You might think that the number of fundamental units would be well-defined, but even that's not true.
Take electric charge for example. In the SI system of units (i.e., the "standard" metric system), charge cannot be expressed in terms of mass, length, and time: you need another independent unit. (In the SI, that unit happens to be the Ampere; the unit of charge is defined to be an Ampere-second.) But sometimes people use different systems of units in which charge can be expressed in terms of mass, length, and time. By decreeing that the proportionality constant in Coulomb's Law be equal to 1, $$ F={q_1q_2\over r^2}, $$ you can define a unit of charge to be (if I've done the algebra right) $(ML^3/T^2)^{1/2}$, where $M,L,T$ are your units of mass, length, time.
Whether charge is defined in terms of mass, length, time, or whether it's an independent unit, is a matter of convenience, not a fact about the world.
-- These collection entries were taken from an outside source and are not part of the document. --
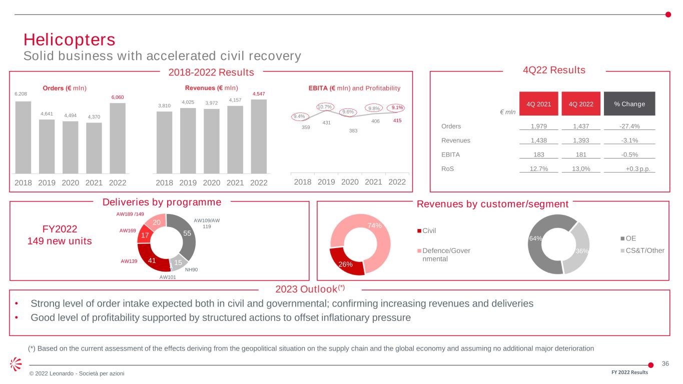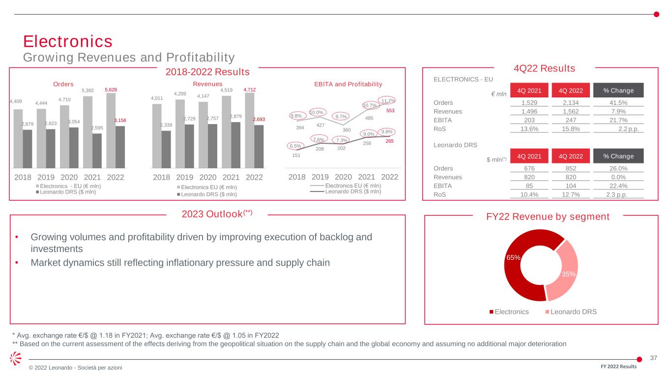36 © 2022 Leonardo - Società per azioni 6,208 4,641 4,494 4,370 6,060 2018 2019 2020 2021 2022 2018-2022 Results 3,810 4,025 3,972 4,157 4,547 2018 2019 2020 2021 2022 € mln 4Q 2021 4Q 2022 % Change Orders 1,979 1,437 -27.4% Revenues 1,438 1,393 -3.1% EBITA 183 181 -0.5% RoS 12.7% 13,0% +0.3 p.p. 4Q22 Results Orders (€ mln) Revenues (€ mln) EBITA (€ mln) and Profitability 2023 Outlook(*) • Strong level of order intake expected both in civil and governmental; confirming increasing revenues and deliveries • Good level of profitability supported by structured actions to offset inflationary pressure 359 431 383 406 415 9.4% 10.7% 9.6% 9.8% 9.1% 2018 2019 2020 2021 2022 Helicopters Solid business with accelerated civil recovery (*) Based on the current assessment of the effects deriving from the geopolitical situation on the supply chain and the global economy and assuming no additional major deterioration FY 2022 Results FY2022 149 new units 41 17 20 55 151 AW139 AW169 AW189 /149 AW109/AW 119 NH90 AW101 Deliveries by programme 64% 36% OE CS&T/Other 26% 74% Civil Defence/Gover nmental Revenues by customer/segment
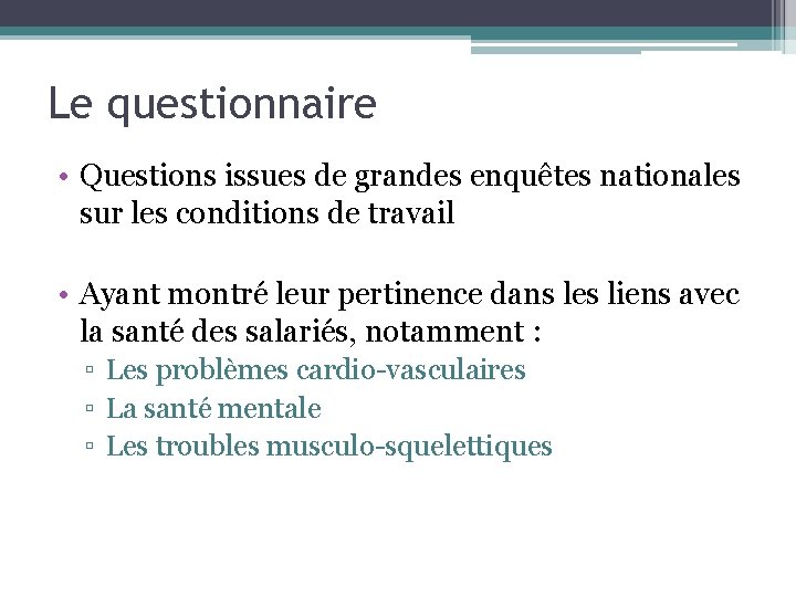 Questionnaire Salari? Condition De Travail
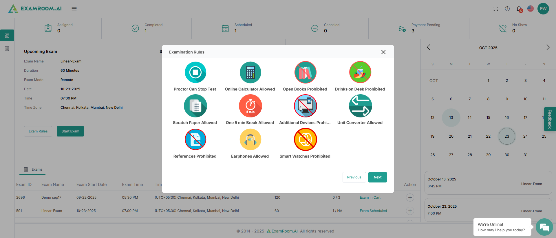 After acknowledgement, the Examination Rules appear. Review and click Next to proceed.
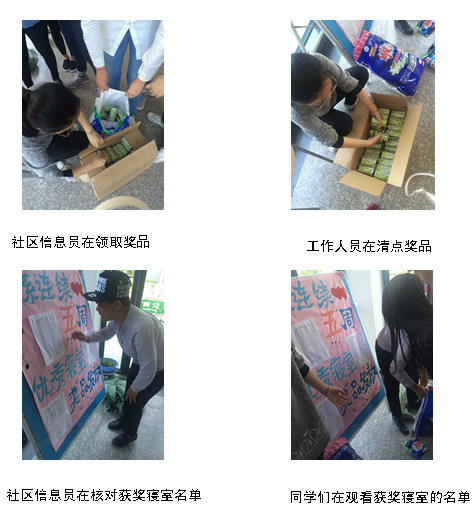 5月12日系部在桃李苑14幢楼下设好领奖点,获得连续五周的社区信息员陆续领取本班获奖寝室的奖品。系部肯定了优秀寝室同学们的共同努力,也为院系社区文明寝室建设树立了典型。系部衷心希望获奖寝室能再接再厉,营造社区文明寝室建设活动你追我赶,齐头并进的良好氛围。
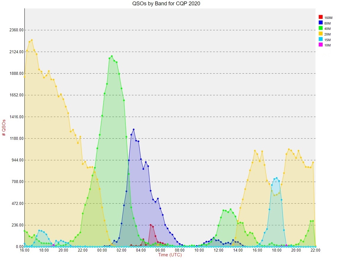 CQP 2020 Total QSOs per Hour (low sunspot activity)
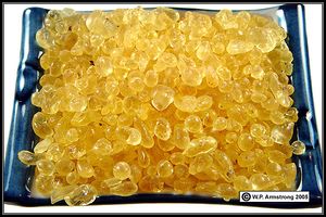تعتبر هذه المادة من المواد الصمغية التي تستخرج من جذوع الأشجار وتختلف جودتها بحسب نوع الجذع ومكان زراعته و هي عبارة عن فصوص راتنجية معروفة من قديم، رغم أن الراتنج يبرز تلقائياً فإن الإفراز يزداد إذا ما أزيلت شرائح من اللحاء أو بعمل شقوق طويلة في جذع الشجرة والأغصان الكبيرة للنبات فتسيل عصارته الراتنجية سائلة تجمد بسرعة وتبقى متعلقة بالشجرة على هيئة دموع هشة بيضاوية أو حبوب طويلة لونها أصفر في حين يتساقط الباقي على الأرض.
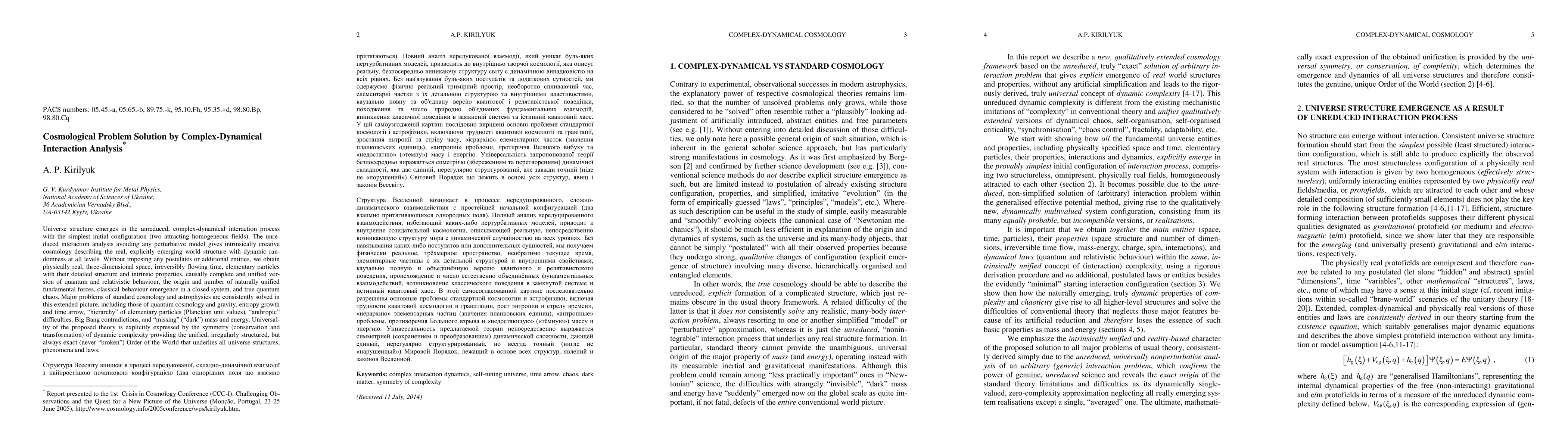 Universe structure emerges in the unreduced, complex-dynamical interaction process with the simplest initial configuration (two attracting homogeneous fields). The unreduced interaction analysis avoiding any perturbative model gives intrinsically creative cosmology describing the real, explicitly emerging world structure with dynamic randomness at all levels. Without imposing any postulates or additional entities, we obtain physically real, three-dimensional space, irreversibly flowing time, elementary particles with their detailed structure and intrinsic properties, causally complete and unified version of quantum and relativistic behaviour, the origin and number of naturally unified fundamental forces, classical behaviour emergence in a closed system, and true quantum chaos. Major problems of standard cosmology and astrophysics are consistently solved in this extended picture, including those of quantum cosmology and gravity, entropy growth and time arrow, "hierarchy" of elementary particles (Planckian unit values), "anthropic" difficulties, Big Bang contradictions, and "missing" ("dark") mass and energy. Universality of the proposed theory is explicitly expressed by the symmetry (conservation and transformation) of dynamic complexity providing the unified, irregularly structured, but always exact (never "broken") Order of the World that underlies all universe structures, phenomena and laws.
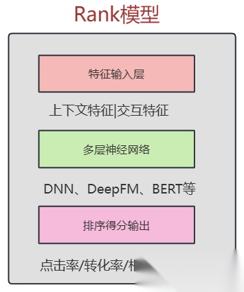 Rank模型(排序模型)负责对召回阶段筛选出的候选集进行精确排序,考虑多种特征评估相关性。
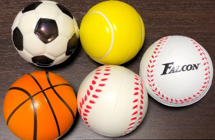 PUソフト スポーツボール種類は、バスケットボール、サッカーボール、野球ボール、テニスボールの4種類
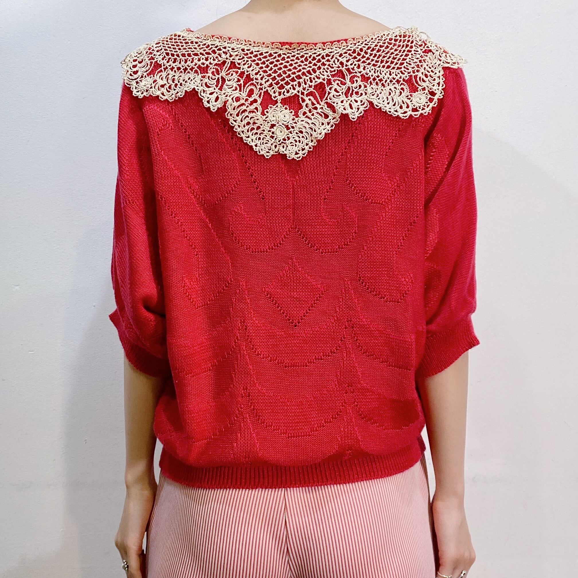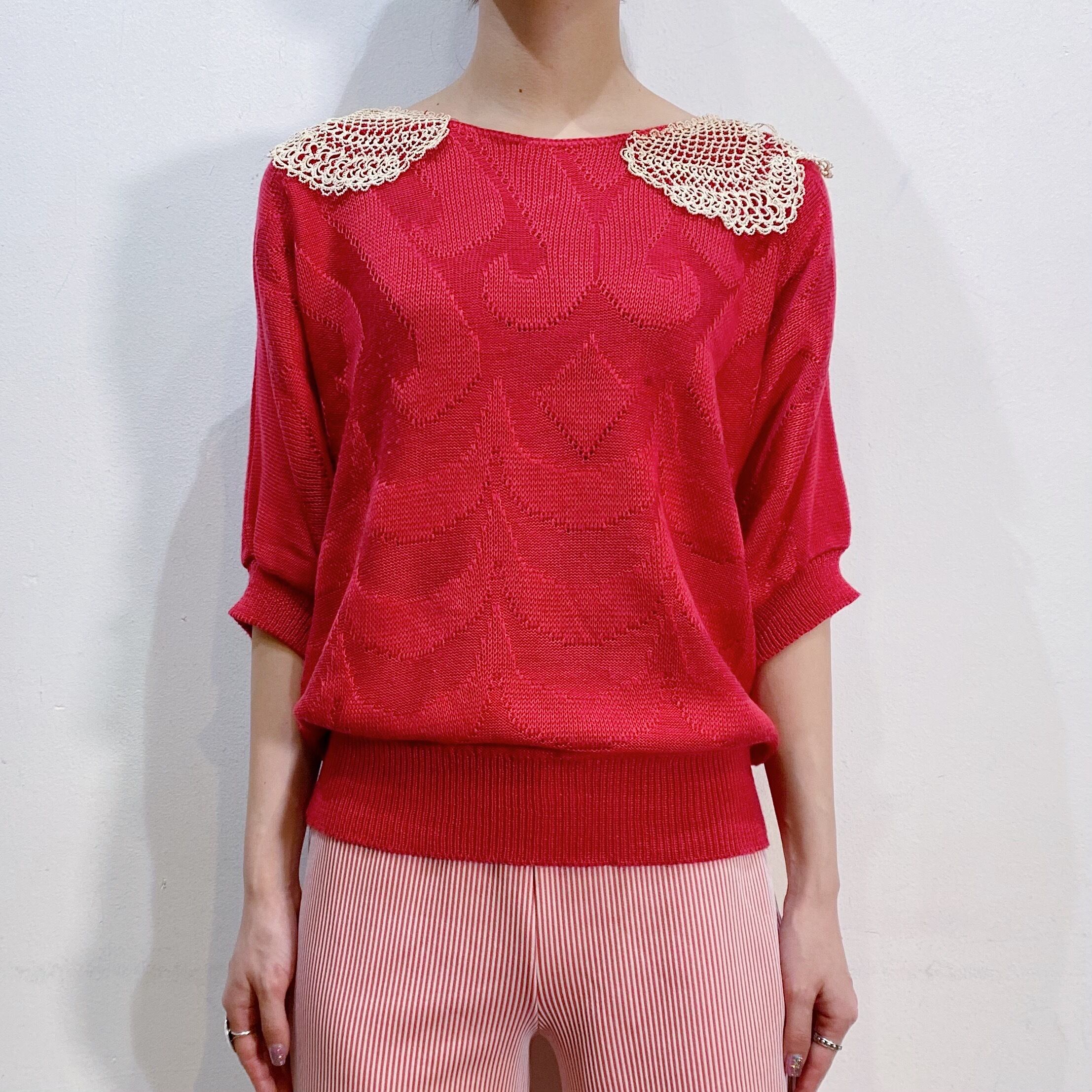 鮮やかなピンクの色合いが可愛い、80年代のサマーニットトップスです。
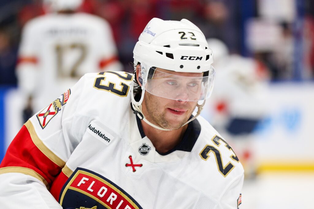 Oct 2, 2025; Tampa, Florida, USA; Florida Panthers center Carter Verhaeghe (23) warms up before a game against the Tampa Bay Lightning at Benchmark International Arena. Mandatory Credit: Nathan Ray Seebeck-Imagn Images
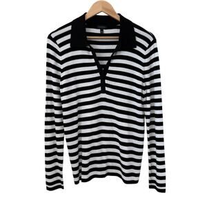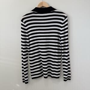 Talbots Size L Ribbed Knit Johnny Collar Pullover Mariner Stripe Top Black White
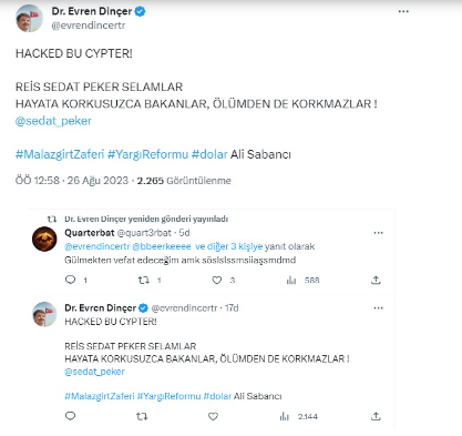 Aksaray Belediye Başkanı Dr. Evren Dinçer'in, X hesabı "hacklendi", Sedat Peker'e selam söylendi.

People can and do make different choices about it.
Similarly, some people choose to get by with fewer independent units than the three you mention. The most common choice is to decree that length and time have the same units, using the speed of light as a conversion factor. You can even go all the way down to zero independent units, by working in what are often called Planck units.
In summary, you can dial up or down the number of "independent" units in your system at will.
One more example, which seems silly at first but is actually of some historical interest. You can imagine using different, independent units of measure for horizontal and vertical distances. That'd be terribly inconvenient for doing physics, but for many applications it's actually quite convenient. (In aviation, altitudes are often measured in feet, while horizontal distances are measured in miles. In seafaring, leagues are horizontal and fathoms are vertical. Yards are pretty much always used for horizontal distance.)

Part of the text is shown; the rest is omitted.